俺の知らない20年の間に世間は変わったのだろうか。
「とまあ、このように実力はあるのですが……人付き合いに難があって……。私と組もうにもまだそこまでの実力はありません」
「そこで俺たちに、ですか」
確かに自分の話をしているのに、さっきから黙って俺たちのやり取りを聞いている。
人見知りというのも本当なのだろう。
「はい、どうでしょう?あなた方にとってもいいお話しでは?」
確かにそうだ。
「わかりました、サイさんもそれでいいですか?」
「……うん」
本人の了承を得て、正式に仲間になった。
「では、後のことは頼みます。私はこれから仕事ですので」
「あ、はい。ありがとうございました」
そう言ってマホツさんは部屋を出ていった。
部屋には沈黙が訪れる。
まさか年若き少女を紹介されると思わなかったのでどういう話しを振っていいかわからない。

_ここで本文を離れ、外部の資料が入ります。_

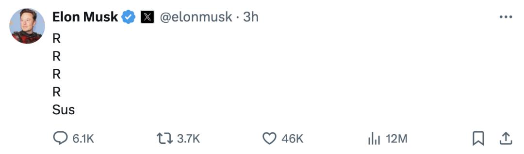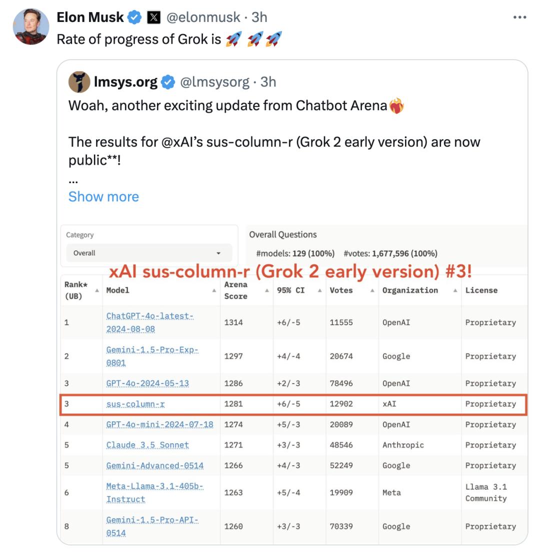 马斯克在自家社交平台X上激情发文,揭开Grok-2在Lmsys大模型竞技场上的“马甲”——sus-column-r。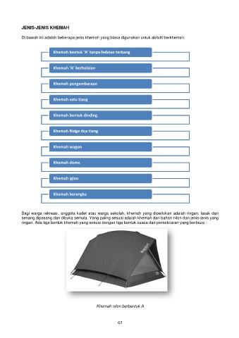 ringan. Ada tiga bentuk khemah yang sesuai dengan tiga bentuk cuaca dan persekitaran yang berbeza :

「えーとサイちゃん?だったっけ。この通り男ばかりのむさいパーティーだが、意見があればなんでも言ってほしい」
そこでぱっくんがナイスアシスト。
クレトくんとは違って本当に気が利く男だ。
普段のウザさには目をつむってあげよう。
「わかった……」
サイさんは一言だけそう言った。
すると、少し俺の方を見て、視線を前に戻した。
どうしたのだろうか。
まあ、気にするほどのことじゃないだろう。
「じゃあ、とりあえず深淵に行こうか」
仲間も増え、ついに俺たちは死の4階へと進む。
その先にはいったい何があるのだろうか。
期待と不安を胸に、俺たちは暗い穴底へと潜っていくのであった。
「サイキックパワー!」
「ギャォォォス!?」
「スゴォィ……」
あまりに壮絶な光景に俺たちはそんな言葉しか出てこない。
魔法とは違う、幻想的な現象に圧倒されてしまう。
そして、魔物との立ち回りも相当なものだった。
4階という未知の領域に気後れしていたが、なんとも頼もしいことだ。
「クレト、後ろ」
「わかった」
そしてなによりも気配を察知する能力。
彼女は今後、深淵探索の要になるだろう。
クレトくんも、負けじと魔物をばっさばっさ切り倒して行く。
負けず嫌いなクレトくんの成長も楽しみだった。
「おっさん、とどめお願い」
「OK!」
ならば俺も年長者としての意地を見せねば。
気合を入れて瀕死の魔物に突撃するのであった。
「ここからしばらくは魔物の気配はない……」
サイさんがそう言うので、俺たちは少しだけ休憩することした。
「サイさんはすごいね……おかげで随分助けられてるよ」
「……」
「あ、あれ?サイさん?」
何か言えや。
ちんもくかい。
おっさんやから無視しとんか?え?。
「名前」
「はい?」
ちょっと間を入れて一言だけ出てきた。
名前、ネーム、君の名は……?。
中年を無礼るな!何言ってるんだ!。
予想外過ぎる展開に俺は混乱してきた。
「下の名前で呼んで」
「な、なんで?」
「なんとなくそう思った」
なぜかそっちをご所望のようだった。
神の一手極めるんじゃなかったのか。
「え、キツカさん?」
なんて心の内は置いておいて
恐る恐る名前を呼んでみる。
「さんはいらない」
注文が多かった。
どこぞの名人ですかあなたは。
「き、キツカちゃん?」
「うん」
どうやらご満悦のようで、少し頬を紅くして笑顔になる。
なんやこいつ。
と、普段なら思うところだか、俺もなぜかうれしいような懐かしいような気持ちになっていった。
「なあクレト……」
「ああ」
「おっさんのどこがいいんだろうね」
「きっと頭もサイコなんだろ」
好き放題言ってくれやがる。
だが、手前らは所詮敗北者。
我が憤怒は胸の内に留めておいてやろうぞ。